Girlfriend got her degree result this morning; she got a first. I mean, obviously I gotta be happy for her for that but - at the same time I'm thinking (being as she scraped it by .25 of a mark) that it was me that was decisive in that, having put in a few hundred hours to help her record some songs, and there I go again giving my all so that others can succeed while I'm just languishing and not fulfilling and lost and confused and unhappy. Why couldn't I be just a little bit more selfish? Why can't I make sure that I'm okay too, and not just others? Because it's easier, I suppose. But maybe I'd better start.

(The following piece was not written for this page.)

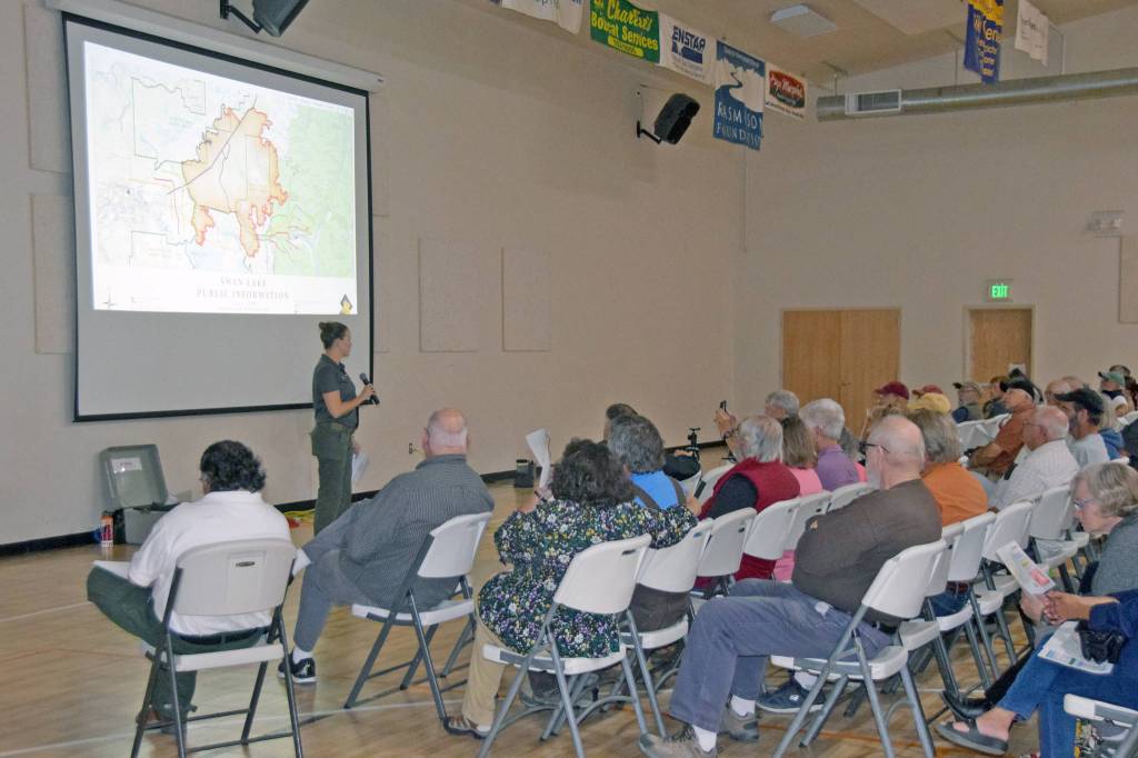 During a community meeting at the Sterling Community Center Thursday night, fire managers gave an update on the daily operations and priorities of the incident management team. After the updates, residents had the opportunity to ask questions and voice their concerns. Many of the residents’ concerns were focused on the intermittent highway closures.

Not that I have to stop helping other people, of course - but if I gave as much to myself as I give to them then maybe I could succeed too, and maybe I wouldn't have this hollow sort of feeling that I have just now, when I should just be celebrating the triumph of another. (And not that I can talk to her about any of this; that wouldn't be fair either).
Mostly it's just, ho hum, there's a lesson to be learned in this, try and be better in the future; try and be more selfish; try and do your own things with the same level of commitment and perfection as you do others. Something like that. In other news, just testing the water the other night during my depressed mood, I stuck my room on gumtree to see if there was any interest. There was. Six people have emailed me wanting to come and have a look - and the first came round yesterday. I couldn't get him out of there fast enough though; I just kept thinking, this is my room, my house, what the hell are you doing here anyway? I don't really want to leave my house, this city - at least, I don't think I do - but having a little taste of what that would mean was probably good for me; I know now I'd miss it. My job, on the other hand...
But things have been better since I let off some steam Saturday night; I guess I needed that. Why does it seem so hard to be me sometimes?